**Data under study**
....

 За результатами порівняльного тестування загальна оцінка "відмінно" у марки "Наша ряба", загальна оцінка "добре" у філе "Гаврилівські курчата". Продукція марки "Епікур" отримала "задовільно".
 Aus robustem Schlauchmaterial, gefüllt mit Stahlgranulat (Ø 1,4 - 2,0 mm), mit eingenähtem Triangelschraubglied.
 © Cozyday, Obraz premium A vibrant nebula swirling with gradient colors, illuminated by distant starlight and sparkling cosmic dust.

....

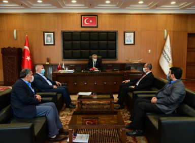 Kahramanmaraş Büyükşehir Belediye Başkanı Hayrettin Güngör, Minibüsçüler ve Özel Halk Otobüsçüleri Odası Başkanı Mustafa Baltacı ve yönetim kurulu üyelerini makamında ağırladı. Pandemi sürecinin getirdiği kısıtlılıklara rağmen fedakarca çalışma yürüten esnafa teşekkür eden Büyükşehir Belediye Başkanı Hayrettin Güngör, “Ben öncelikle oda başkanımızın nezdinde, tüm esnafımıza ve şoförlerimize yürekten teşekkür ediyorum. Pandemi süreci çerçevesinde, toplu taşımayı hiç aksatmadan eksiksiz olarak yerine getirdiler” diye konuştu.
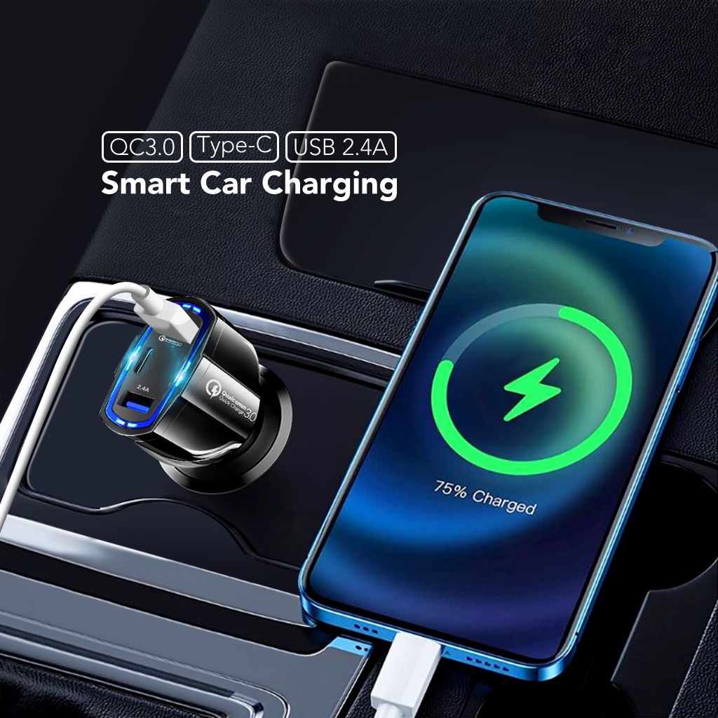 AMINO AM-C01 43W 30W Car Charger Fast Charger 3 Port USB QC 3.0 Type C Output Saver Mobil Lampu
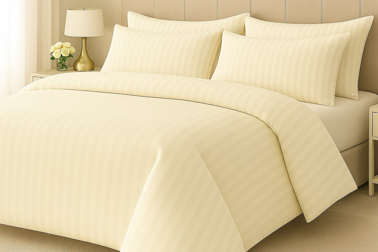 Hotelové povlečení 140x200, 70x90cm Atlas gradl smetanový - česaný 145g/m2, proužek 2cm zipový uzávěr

....

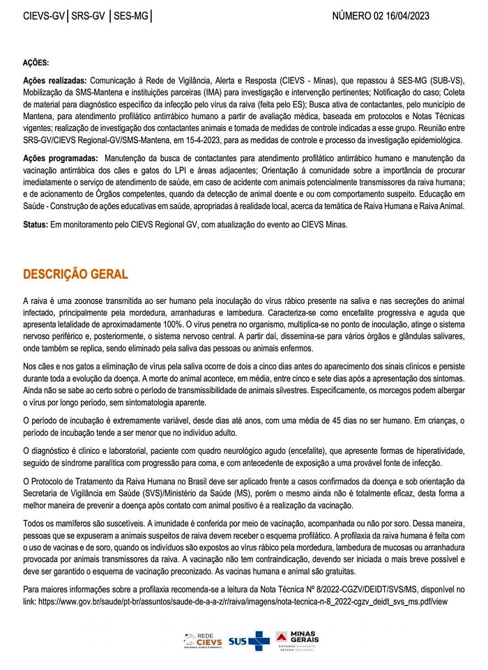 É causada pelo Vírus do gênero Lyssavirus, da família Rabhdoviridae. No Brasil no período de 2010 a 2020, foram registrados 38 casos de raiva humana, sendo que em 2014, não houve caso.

....

**Aim of the exercise**
Your answer must be everything above from the line with "Kahramanmaraş Büyükşehir Belediye" down to the line with "Hotelové povlečení 140x200, 70x90cm", word for word, and no pictures.

**The answer**
 Kahramanmaraş Büyükşehir Belediye Başkanı Hayrettin Güngör, Minibüsçüler ve Özel Halk Otobüsçüleri Odası Başkanı Mustafa Baltacı ve yönetim kurulu üyelerini makamında ağırladı. Pandemi sürecinin getirdiği kısıtlılıklara rağmen fedakarca çalışma yürüten esnafa teşekkür eden Büyükşehir Belediye Başkanı Hayrettin Güngör, “Ben öncelikle oda başkanımızın nezdinde, tüm esnafımıza ve şoförlerimize yürekten teşekkür ediyorum. Pandemi süreci çerçevesinde, toplu taşımayı hiç aksatmadan eksiksiz olarak yerine getirdiler” diye konuştu.
 AMINO AM-C01 43W 30W Car Charger Fast Charger 3 Port USB QC 3.0 Type C Output Saver Mobil Lampu
 Hotelové povlečení 140x200, 70x90cm Atlas gradl smetanový - česaný 145g/m2, proužek 2cm zipový uzávěr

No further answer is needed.